[EXERCISE PROMPT] The answer should be every line below, repeated exactly, with the images left out.

[RECORDS FOR THIS EXERCISE]
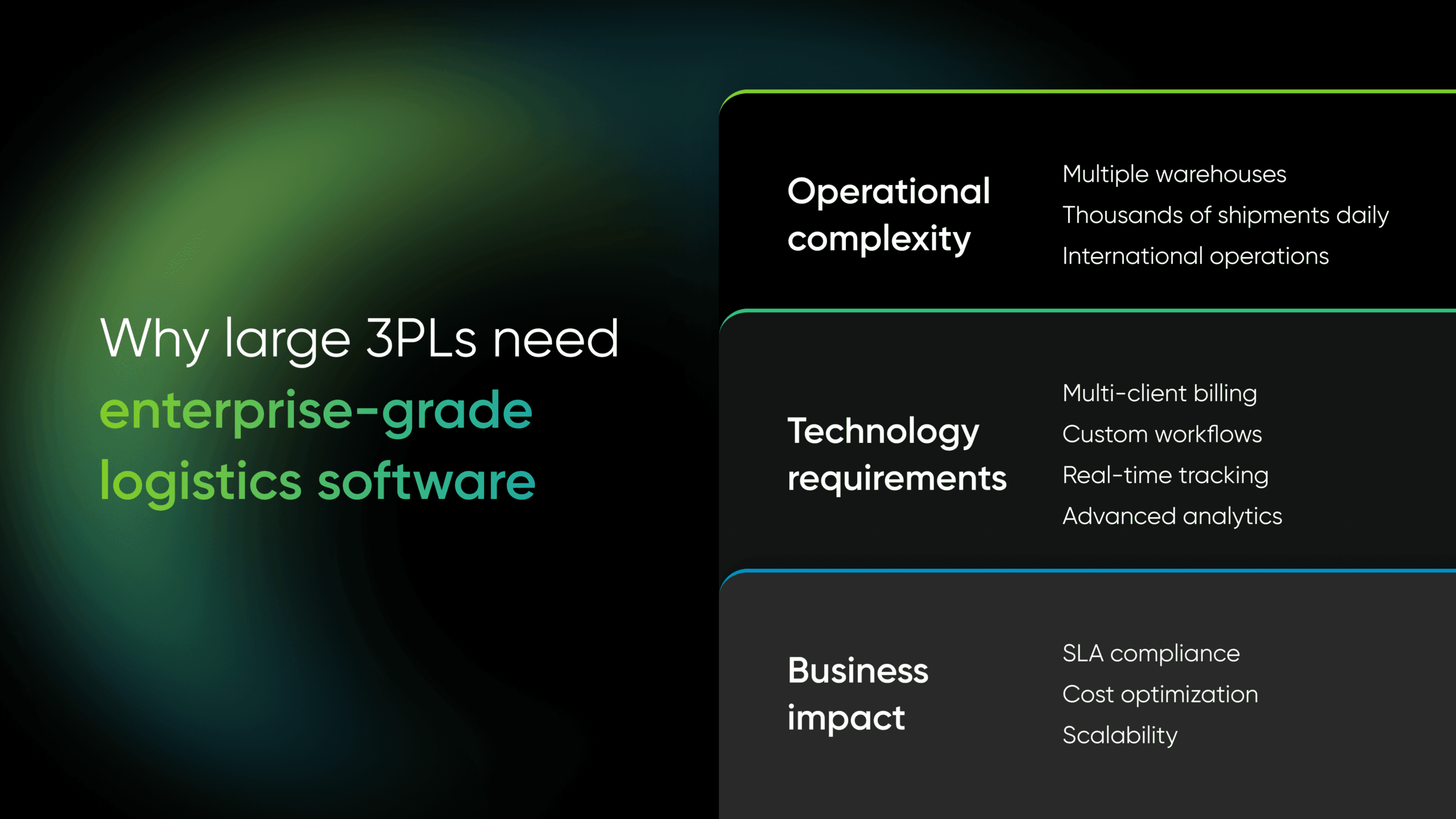 There is no single best software for every company. Small businesses with simpler needs find that an off-the-shelf WMS/TMS platform is the most practical solution. Large 3PLs need full-featured systems or even many integrated tools. If no existing product matches your unique workflow, custom development is worth considering.
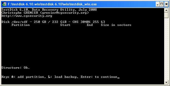 Mit Testdisk erreiche ich folgendens (siehe Dateianhang unbenannt.jpg). Ich kann keine Partition auswählen, die Festplatte wird aber erkannt und die 'Structure' ist ok..???
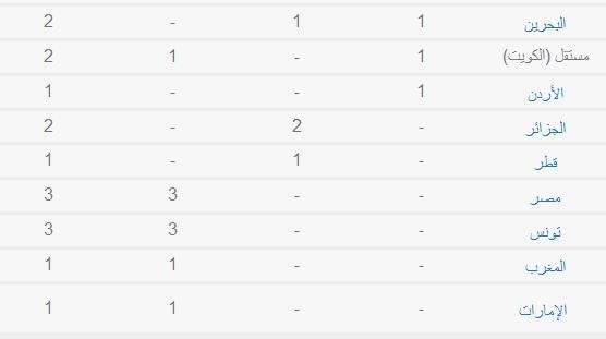 وجاءت الجزائر في المركز الـ 62 عالميا، بعد الحصول علي ميداليتين فضيتين، وحصدت قطر ميدالية فضية وحلت في المرتبة الـ 69 عالميا، أما مصر وتونس فقد احتلتا في المركزين الـ 75 عالميا بعد الحصول على 3 ميداليات برونزية لكل من البلدين، وحصل المغرب والإمارات على برونزية لكل منهما.
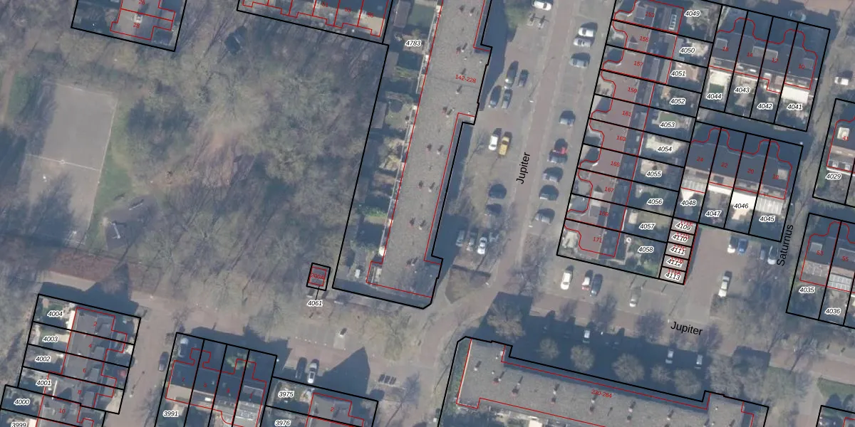 Het perceel waarop Jupiter 196 staat heeft een oppervlakte van 2466 m². Dit is een zeer groot perceel. De perceeloppervlakte wordt geregistreerd door het Kadaster. Gedetailleerde informatie over de maten van dit perceel kunt u vinden in het rapport Kadastrale kaart met maatvoering van Jupiter 196.
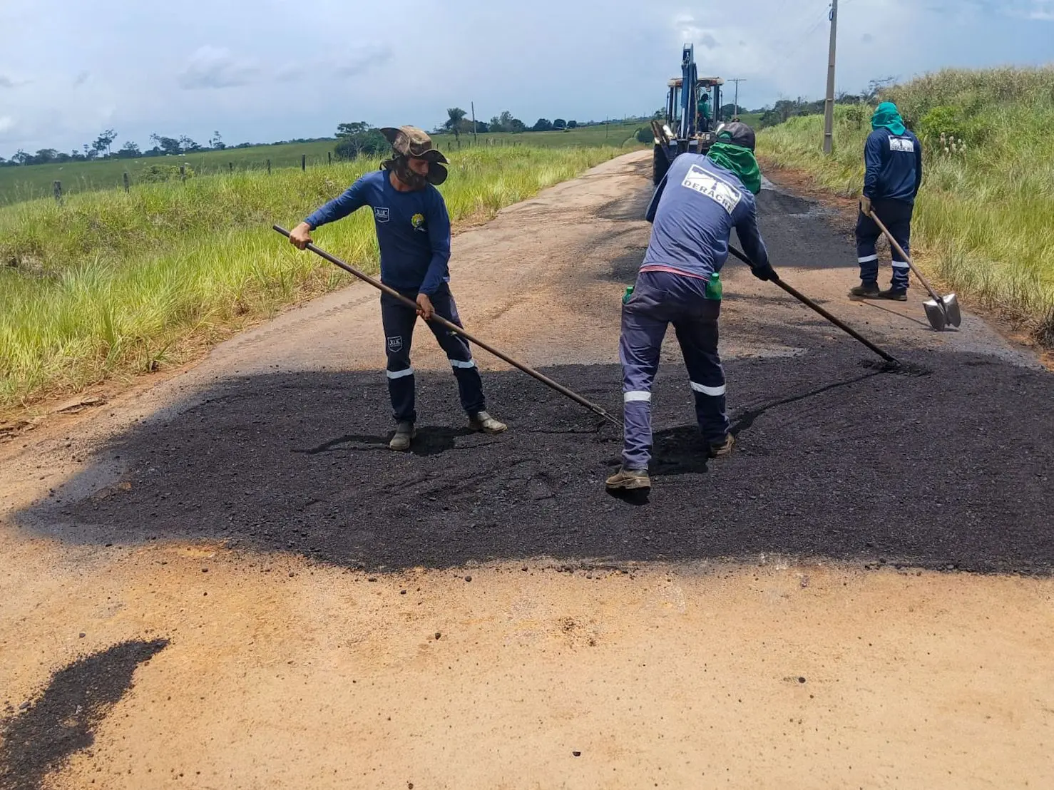 As equipes aplicam massa asfáltica nos pontos onde o pavimento apresentou buracos e desgaste, principalmente após as chuvas. O objetivo é evitar que o problema aumente e garantir condições seguras de tráfego.
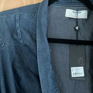 The Midnight Kimono is a dark blue, light denim kimono style jacket. Features a tie waist band and wide 3/4 sleeves. Model wears a size small. Fabric: 100% cotton. Cold machine wash.
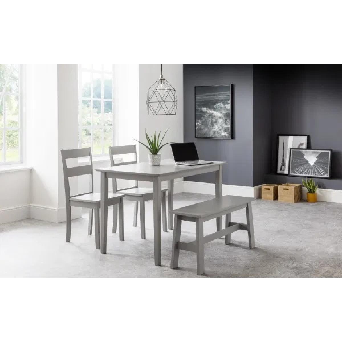 Stylish and space-saving, the Julian Bowen Kobe Bench is a smart and practical seating solution for modern homes. Finished in a sleek grey lacquer, it features a clean, minimalist design that complements a variety of interior styles. Comfortably seating up to two people, this compact bench is ideal for dining areas, kitchens, or entryways. Designed to pair perfectly with the Julian Bowen Kobe Rectangular Table, it creates a cohesive and contemporary dining set—particularly well-suited to smaller spaces. Features: Finish:Modern grey lacquer Seating capacity: Up to 2 people Compact and practical design Ideal match for the Julian Bowen Kobe Rectangular Table Assembly required Dimensions: Height 45cm Length 92cm Width 30cm A versatile piece that brings both form and function, the Kobe Bench is an excellent addition to compact living areas or kitchens where space is at a premium. Please note All screens vary in colour reproduction and whilst every effort has been made to display the colour as accurately as possible it is for guidance only.

[REPLY TO THE TASK]
 There is no single best software for every company. Small businesses with simpler needs find that an off-the-shelf WMS/TMS platform is the most practical solution. Large 3PLs need full-featured systems or even many integrated tools. If no existing product matches your unique workflow, custom development is worth considering.
 Mit Testdisk erreiche ich folgendens (siehe Dateianhang unbenannt.jpg). Ich kann keine Partition auswählen, die Festplatte wird aber erkannt und die 'Structure' ist ok..???
 وجاءت الجزائر في المركز الـ 62 عالميا، بعد الحصول علي ميداليتين فضيتين، وحصدت قطر ميدالية فضية وحلت في المرتبة الـ 69 عالميا، أما مصر وتونس فقد احتلتا في المركزين الـ 75 عالميا بعد الحصول على 3 ميداليات برونزية لكل من البلدين، وحصل المغرب والإمارات على برونزية لكل منهما.
 Het perceel waarop Jupiter 196 staat heeft een oppervlakte van 2466 m². Dit is een zeer groot perceel. De perceeloppervlakte wordt geregistreerd door het Kadaster. Gedetailleerde informatie over de maten van dit perceel kunt u vinden in het rapport Kadastrale kaart met maatvoering van Jupiter 196.
 As equipes aplicam massa asfáltica nos pontos onde o pavimento apresentou buracos e desgaste, principalmente após as chuvas. O objetivo é evitar que o problema aumente e garantir condições seguras de tráfego.
 The Midnight Kimono is a dark blue, light denim kimono style jacket. Features a tie waist band and wide 3/4 sleeves. Model wears a size small. Fabric: 100% cotton. Cold machine wash.
 Stylish and space-saving, the Julian Bowen Kobe Bench is a smart and practical seating solution for modern homes. Finished in a sleek grey lacquer, it features a clean, minimalist design that complements a variety of interior styles. Comfortably seating up to two people, this compact bench is ideal for dining areas, kitchens, or entryways. Designed to pair perfectly with the Julian Bowen Kobe Rectangular Table, it creates a cohesive and contemporary dining set—particularly well-suited to smaller spaces. Features: Finish:Modern grey lacquer Seating capacity: Up to 2 people Compact and practical design Ideal match for the Julian Bowen Kobe Rectangular Table Assembly required Dimensions: Height 45cm Length 92cm Width 30cm A versatile piece that brings both form and function, the Kobe Bench is an excellent addition to compact living areas or kitchens where space is at a premium. Please note All screens vary in colour reproduction and whilst every effort has been made to display the colour as accurately as possible it is for guidance only.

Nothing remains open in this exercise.